Perimenopause generally starts around 45, the average age of menopause is 51-55, however if you are a PCOS sufferer, then you tend to reach menopause about 2 years later than women without PCOS.
PCOS doesn’t go away, and can therefore mimic the symptoms of PCOS, and it can make it difficult for women to be newly diagnosed with PCOS during perimenopause.
Symptoms that can mimic each other are:
| PCOS vs. Perimenopause | PCOS | Perimenopause |
| Acne and skin changes | ✔ | ✔ |
| Changes in sex drive | ✔ | |
| Irregular or missed periods | ✔ | ✔ |
| Headaches | ✔ | ✔ |
| Hot flashes and night sweats | ✔ | |
| Infertility or trouble conceiving | ✔ | ✔ |
| Mood changes (anxiety, irritability, etc.) | ✔ | ✔ |
| Pain or discomfort during intercourse | ✔ | |
| Pelvic pain | ✔ | |
| Weight gain or difficulty losing weight | ✔ | ✔ |
Potential complications
PCOS can affect your health in many ways, it can increase the risk of:
- Glucose tolerance and insulin resistance
- Chronic inflammation
- High blood cholesterols and fats
- Stroke
- Heart attack
Your risk of developing these conditions may be higher if you have multiple risk factors, such as:
- Aging
- Being in perimenopause or menopause
- Being overweight
- Diabetes https://www.diabetes.org.uk/
Managing PCOS in Perimenopause
Techniques for managing your PCOS symptoms can also help manage some of the symptoms in perimenopause.
Manage your weight
Being overweight increases your risk of heart attack and insulin resistance. Insulin resistance can lead to type 2 diabetes. Try these strategies for managing your weight and improving your diet to help lower these risks. A fantastic way to make this change to have a look at the Mediterranean diet – https://my.clevelandclinic.org/health/articles/16037-mediterranean-diet

- Use smaller plates, reduce your portion sizes, and skip seconds.

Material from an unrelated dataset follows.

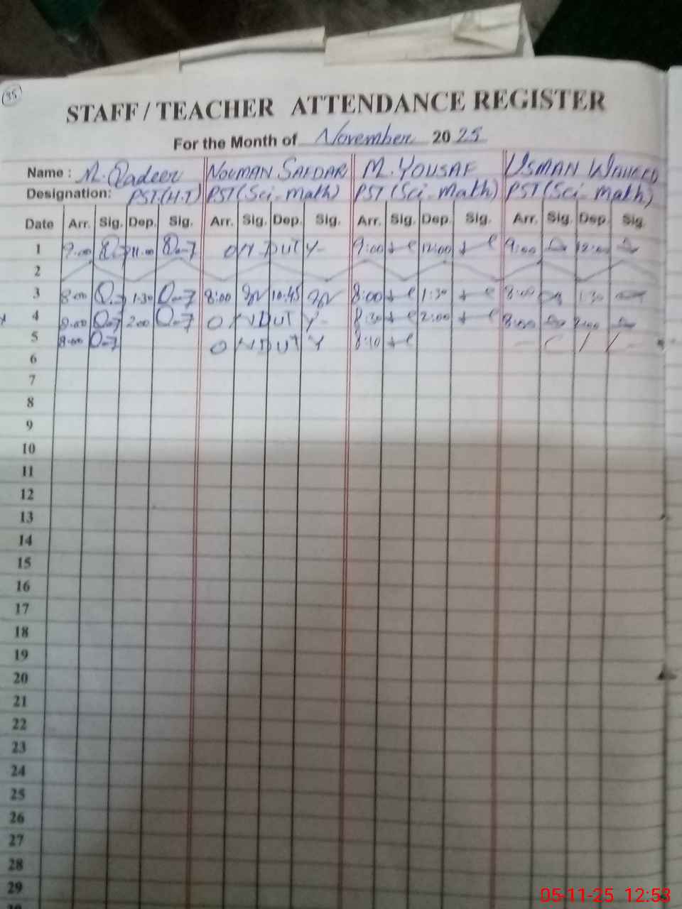| 37**** | Us**** Wa**** | ESE Science/Maths | Regular | 0 | 0 | 0 | 0 | 0 | 0 | 0 | 0 | 0 | Casual |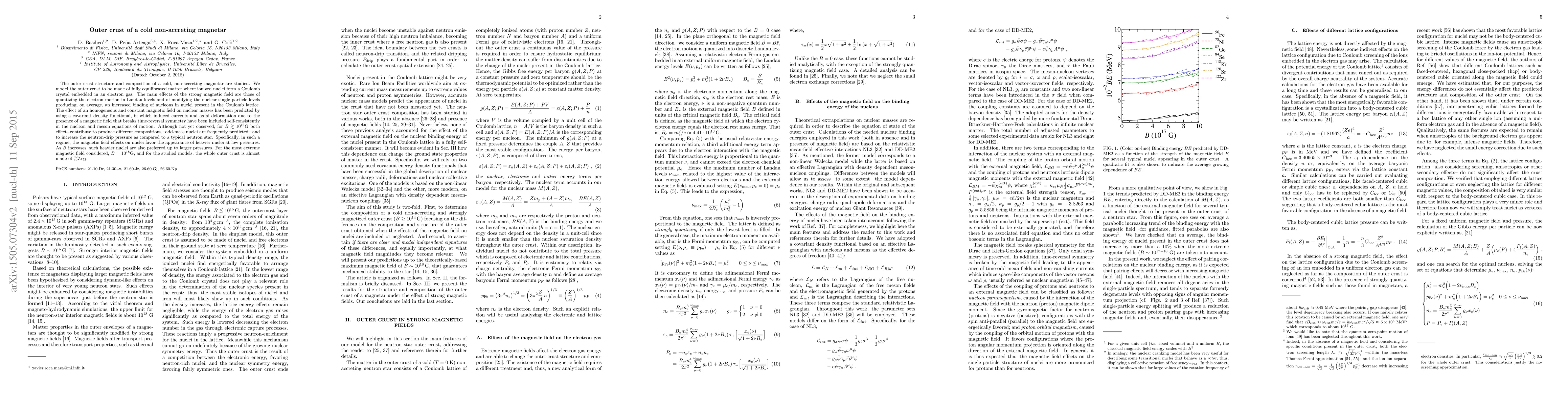 This paper investigates the structure and composition of the outer crust of a cold, non-accreting magnetar, finding that strong magnetic fields significantly influence nuclear binding and electron motion, leading to the formation of heavier nuclei like ${}_{40}^{92}$Zr$_{52}$ at high magnetic field strengths.

- Eliminate or limit unhealthy carbohydrates such as pastries, baked goods, packaged snacks, and sweet drinks.
- Choose complex carbs found in foods made with whole grains, rice, and beans.

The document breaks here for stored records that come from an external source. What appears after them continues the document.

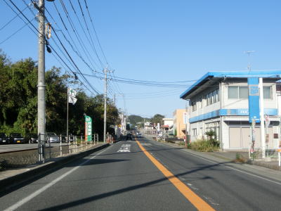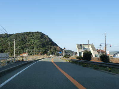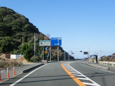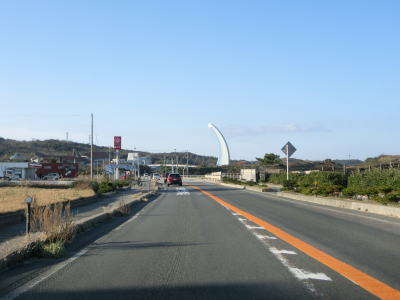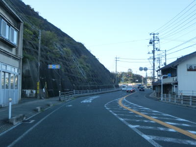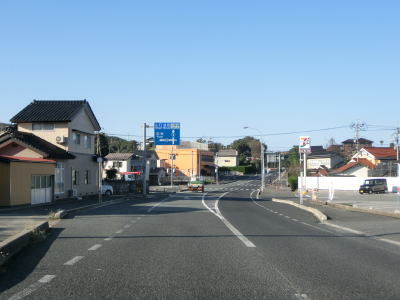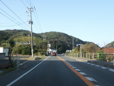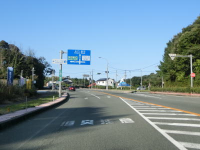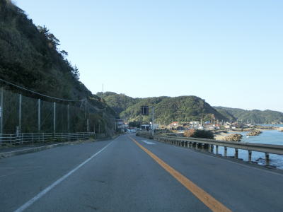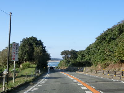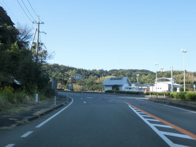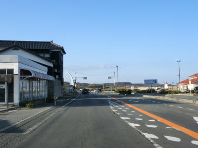 | 折居駅のすぐ傍を通るが、駅に出入りできるのは海寄りの市道のみである。緩やかな上り勾配を走っていると島根r303交差点を通過する。以降もしばらく上り勾配が続いている。道の駅「ゆうひパーク三隅」を通過するが、高台に位置しており日本海が良く見える立地である。 | ||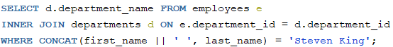 --Steven King의 부서명을 출력하세요.
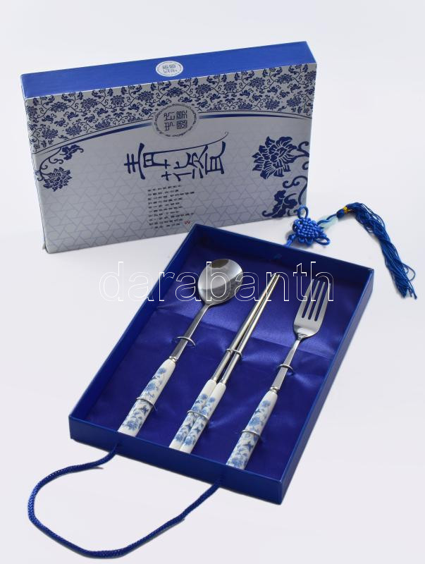 Leírás: Kínai egyszemélyes evőeszköz készlet, eredeti dobozában.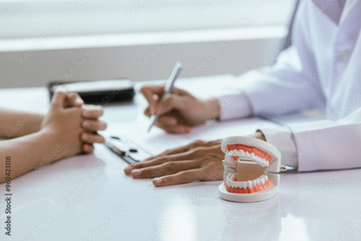 In a dental clinic, orthodontists and nurses work together to examine and treat patients' oral health. They discuss dental hygiene, repairs, and care while ensuring that the visit is comfortable.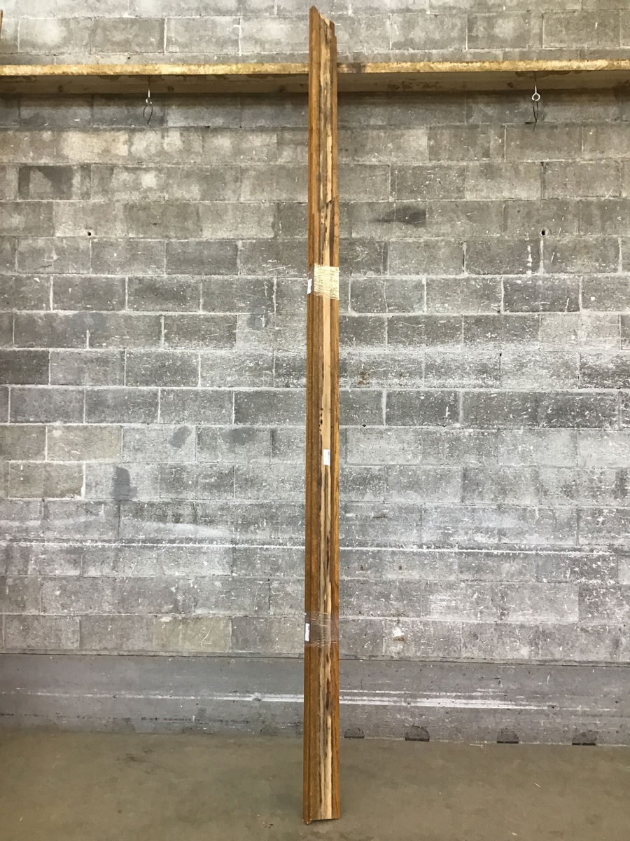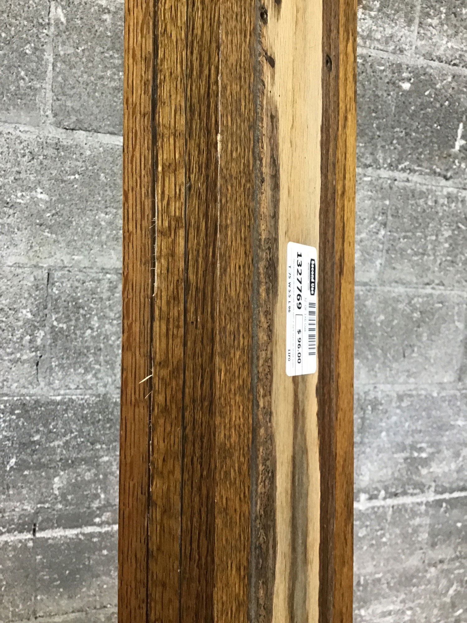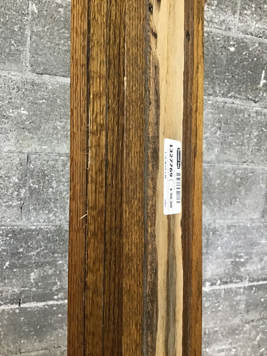 Reclaimed denailed oak 1x6 with a dark stain on three sides. One @ 8' and two @ 12'.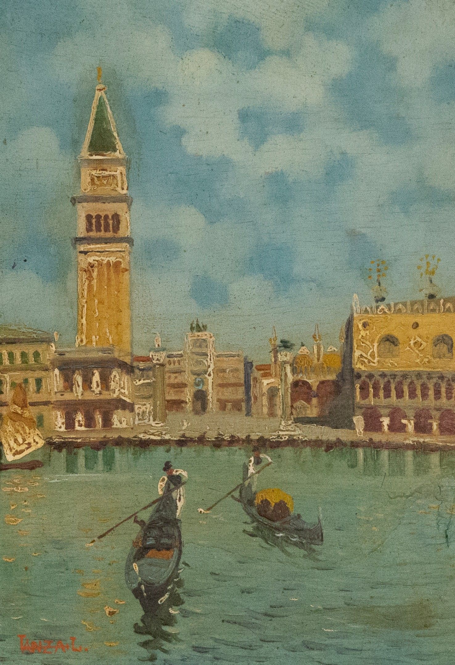 Luigi LANZA (1860-1913) "Saint Mark's Square, Venice". Oil on panel signed lower left, numbered on the back 466A. 28x20cm.
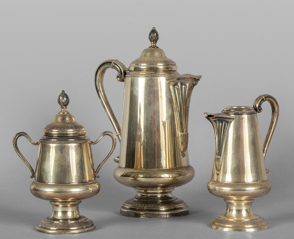 Servizio da thè in argento bordo decorato con palmette composto da tre pezzi (gr.600)

- Eat plenty of fresh fruits and vegetables.
- Engage in some type of physical activity every day, even if it’s just a short walk.
- Use stairs rather than escalators when possible and park further from your destination.

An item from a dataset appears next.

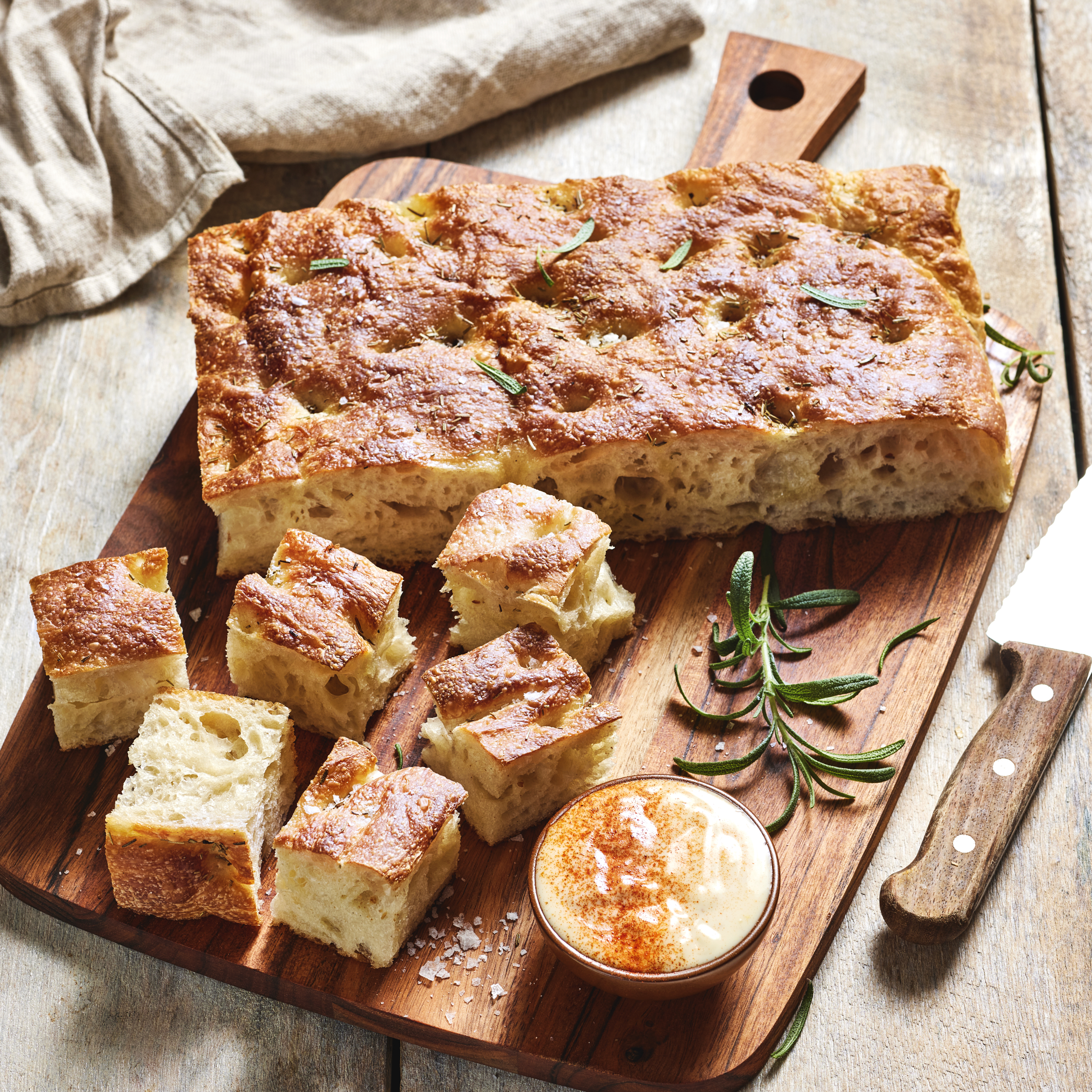 3 skiver focaccia fra Kveitemjøl bakeri servert med aioli fra Metervare (Hvete(gluten), egg, sennep, melk)

- Join a gym or sign up for exercise classes.
- Invest in home exercise equipment, such as a stationary bike or treadmill.
Improve your sleep
Symptoms of menopause and PCOS can make it hard to get enough quality sleep, so here are a few tips that might help you go to sleep faster and stay asleep longer:
- Try to go to sleep at the same time every night and get up at the same time every morning.
- Clear your bedroom of electronic gadgets. If your alarm clock emits a glow, turn it toward a wall or leave it face down.
- Avoid electronic screens for the hour or two before bed, as this can change how melatonin, the hormone of sleep, functions.
- Invest in room-darkening curtains or blinds.
- Reduce bedroom clutter for a calming effect.
- Replace old pillows and replace your mattress if it’s more than 10 years old.
- Avoid eating heavy meals too close to bedtime.
- Avoid caffeine after noon.
- Exercise every day, but not within a few hours of bedtime.
- Do something relaxing before bed such as reading, soaking in a warm bathtub, or meditating.
Ease Hot Flashes
To ease hot flashes and night sweats:
- Dress in layers so you can peel off a layer when you feel a hot flash coming on.
- Wear lightweight, breathable fabrics during the day, as well as for sleep.
- Limit your consumption of caffeine, alcohol, and spicy foods.
- Keep a fan handy.
- Keep your bedroom at a cool temperature. You can always kick the blankets off if you get too hot.
- Consider buying a cool gel pad on which to sleep.
For more information on Hot Flashes visit – https://menopausestudio.co.uk/free-resource-list/remedies-for-hot-flashes/
The Outlook
Although there is no current cure for PCOS, women with PCOS may start menopause later than women who do not have the condition. Careful attention to your lifestyle can help you improve some of the symptoms of PCOS.